» Action item
Nothing but the lines from the start of the entries through the line holding "In questa fotografia, il" is to be repeated, exactly and with pictures excluded.

» Data

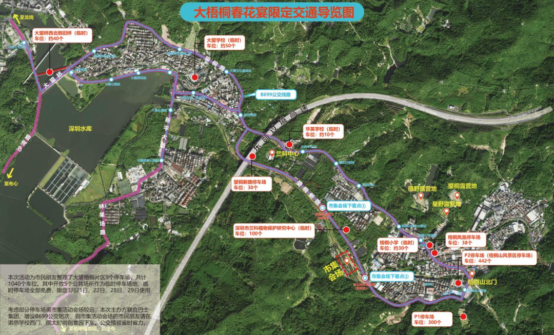 停车场:本次将开放超1000个停车位,除了P1、P2收费型停车场可提供700个停车位,还首次联动小学(仅周末开放)、兰科中心开放免费停车场。具体停车场车位数量可通过“趣梧桐”小程序查询。
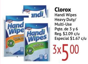 hand clorox indi handi wipes wipe heavy duty/ multi-use pqtede reg. $c/u especial
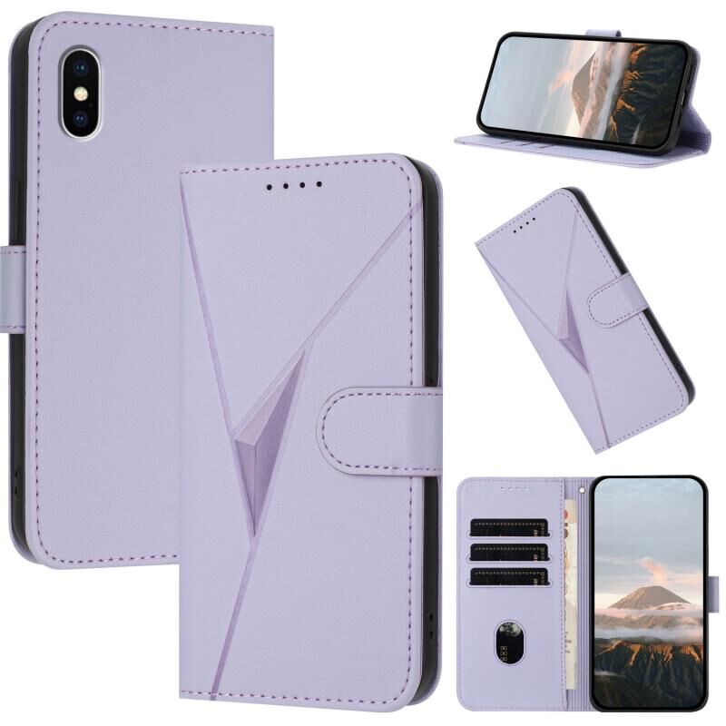 Θήκη τηλεφώνου από δέρμα με σχέδιο τριγώνου και αγκράφα για iPhone X / XS (Σκούρο Μωβ)
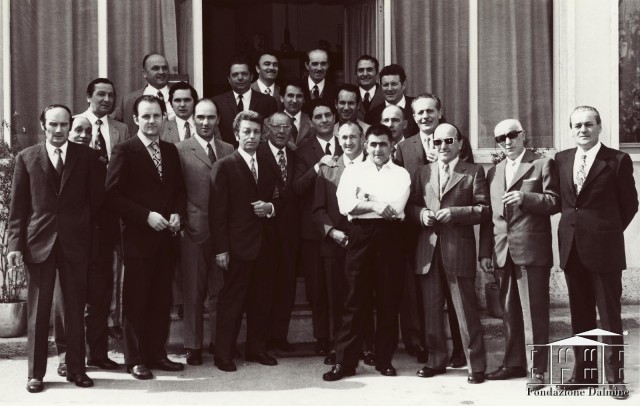 In questa fotografia, il Gruppo Lavoratori Anziani è riunito davanti al ristorante Il grillo, in occasione del pranzo per la conferma di Vincenzo Affatato come direttore dello stabilimento di Costa Volpino
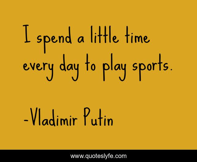 This page presents the quote "I spend a little time every day to play sports.". Author of this quote is Vladimir Putin. This quote is about play, day, time,.
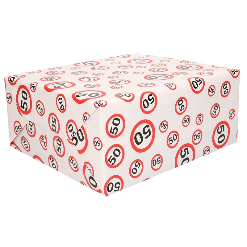 Inpakpapier 50 jaar met verkeersborden print. Formaat: 70 x 300 cm lang. Materiaal: papier. Inpakpapier / cadeaupapier / kadopapier.
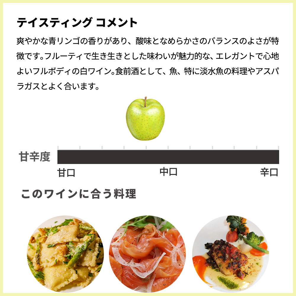 爽やかな青リンゴの香りがあり、酸味となめらかさのバランスのよさがこのシャルドネワインの特徴です。フルーティで生き生きとした味わいが魅力的な、エレガントで心地よいフルボディの白ワインです。
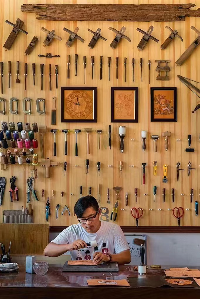 經過百余年四代技藝相傳,考工記創始人李魯鵬在畢業后返鄉創業,成立山東考工記非物質文化遺產保護有限公司,公司集百工百藝,保護、傳承、發展膠東非遺手造技藝,致力于傳承發展皮雕皮塑手藝,打造非遺消費新風尚。
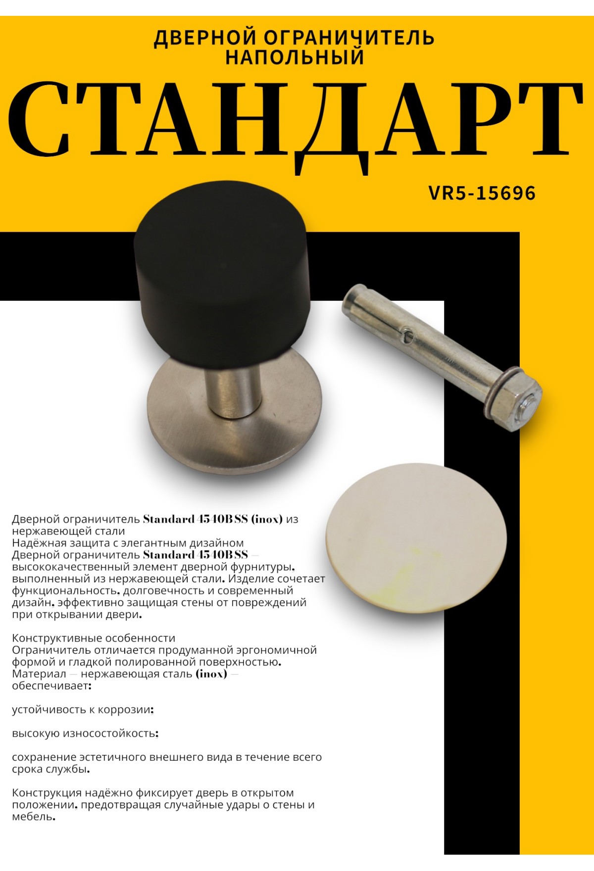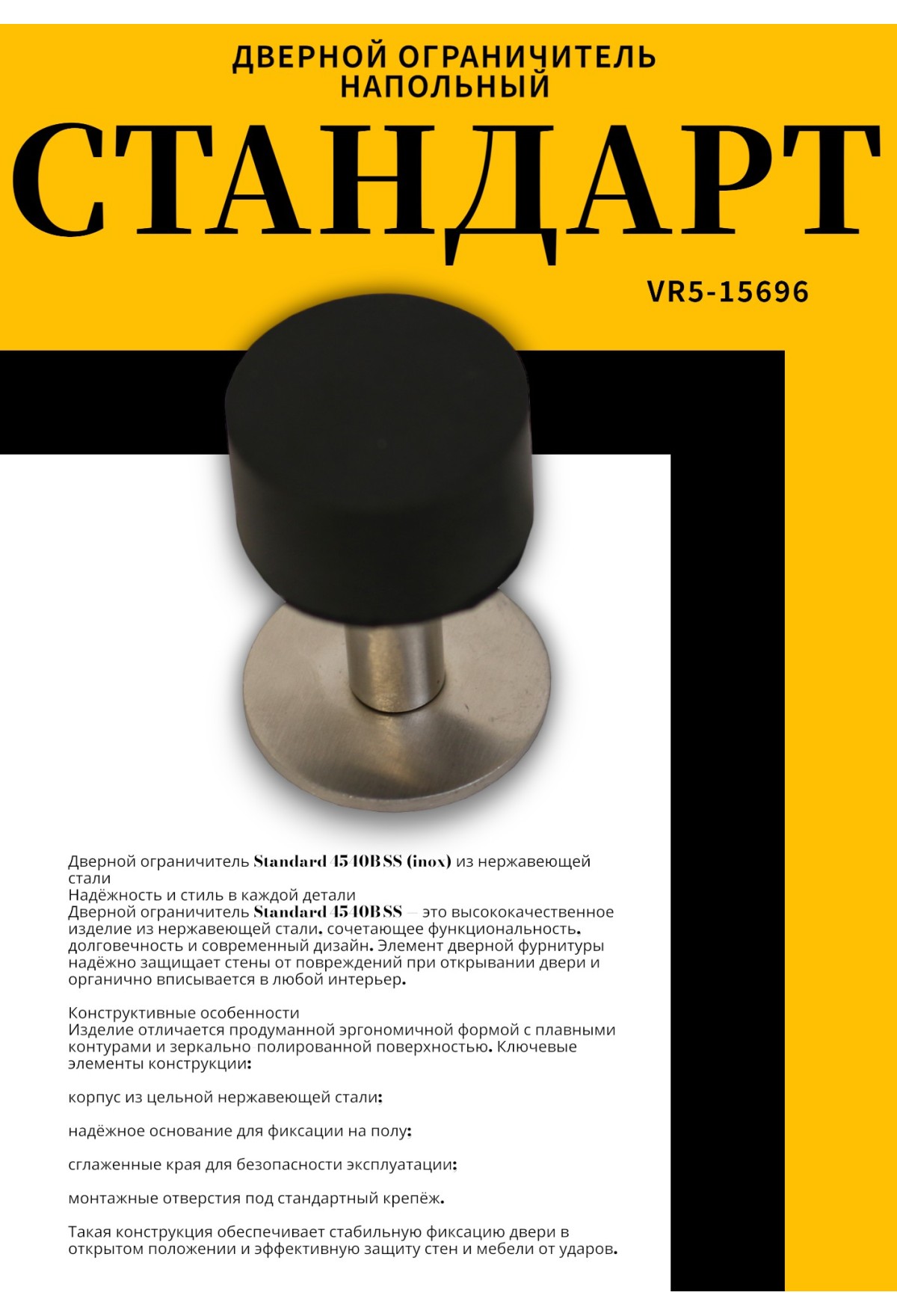 Дверной ограничитель Standard 4540B SS — высококачественный элемент дверной фурнитуры, выполненный из нержавеющей стали. Изделие сочетает функциональность, долговечность и современный дизайн, эффективно защищая стены от повреждений при открывании двери.

» Answer space
 停车场:本次将开放超1000个停车位,除了P1、P2收费型停车场可提供700个停车位,还首次联动小学(仅周末开放)、兰科中心开放免费停车场。具体停车场车位数量可通过“趣梧桐”小程序查询。
 hand clorox indi handi wipes wipe heavy duty/ multi-use pqtede reg. $c/u especial
 Θήκη τηλεφώνου από δέρμα με σχέδιο τριγώνου και αγκράφα για iPhone X / XS (Σκούρο Μωβ)
 In questa fotografia, il Gruppo Lavoratori Anziani è riunito davanti al ristorante Il grillo, in occasione del pranzo per la conferma di Vincenzo Affatato come direttore dello stabilimento di Costa Volpino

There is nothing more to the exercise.